3

I want to draw polygon borders using a pattern of dashes and other symbols like triangles or circles but most polygons share borders so I get an undesired result.

Using this SLD code:

  <se:PolygonSymbolizer>
    <se:Fill>
      <se:SvgParameter name="fill">#cf72be</se:SvgParameter>
    </se:Fill>
  </se:PolygonSymbolizer>
  <se:LineSymbolizer>
    <se:Stroke>
      <se:GraphicStroke>
        <se:Graphic>
          <se:Mark>
            <se:WellKnownName>circle</se:WellKnownName>
            <se:Fill>
              <se:SvgParameter name="fill">#333333</se:SvgParameter>
            </se:Fill>
          </se:Mark>
          <se:Size>6</se:Size>
        </se:Graphic>
      </se:GraphicStroke>
      <se:SvgParameter name="stroke-dasharray">6 18</se:SvgParameter>
    </se:Stroke>
  </se:LineSymbolizer>
  <se:LineSymbolizer>
    <se:Stroke>
      <se:SvgParameter name="stroke">#AA0000</se:SvgParameter>
      <se:SvgParameter name="stroke-dasharray">10 14</se:SvgParameter>
      <se:SvgParameter name="stroke-dashoffset">14</se:SvgParameter>
    </se:Stroke>
  </se:LineSymbolizer>

I get this result in GeoServer:

Styling_polygons

Is there any way to avoid having two overlapping border lines or to make symbols perfectly overlap?

DMS02
  • 607
  • 3
  • 14
  • Most reliable work flow is to convert polygons into linestrings, remove duplicate line segments from the shared borders and use this cleaned linestring dataset for symbolizing the outline. – user30184 Oct 26 '17 at 09:26
  • I was looking for a solution other than what you suggest, but thank you anyway. – DMS02 Oct 27 '17 at 10:30
  • You deal with an old problem and I fear that you can't find a new magic solution.
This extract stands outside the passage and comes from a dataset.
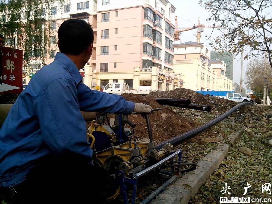 緊張搶修受損燃?xì)夤芫(央廣網(wǎng)記者 吳卓勝 攝)

The two other alternatives that I know of are listed in https://gis.stackexchange.com/questions/171182/how-to-make-dashed-lines-between-adjacent-polygons-render-correctly-in-qgis. – user30184 Oct 27 '17 at 10:38

1 Answers1

1

Agree with the other comments, it's a matter of pre-processing the data to extract the linework and remove the duplicates, then paint the linework in a FeatureTypeStyle above the fill one to avoid fill overlapping with the circles in the border.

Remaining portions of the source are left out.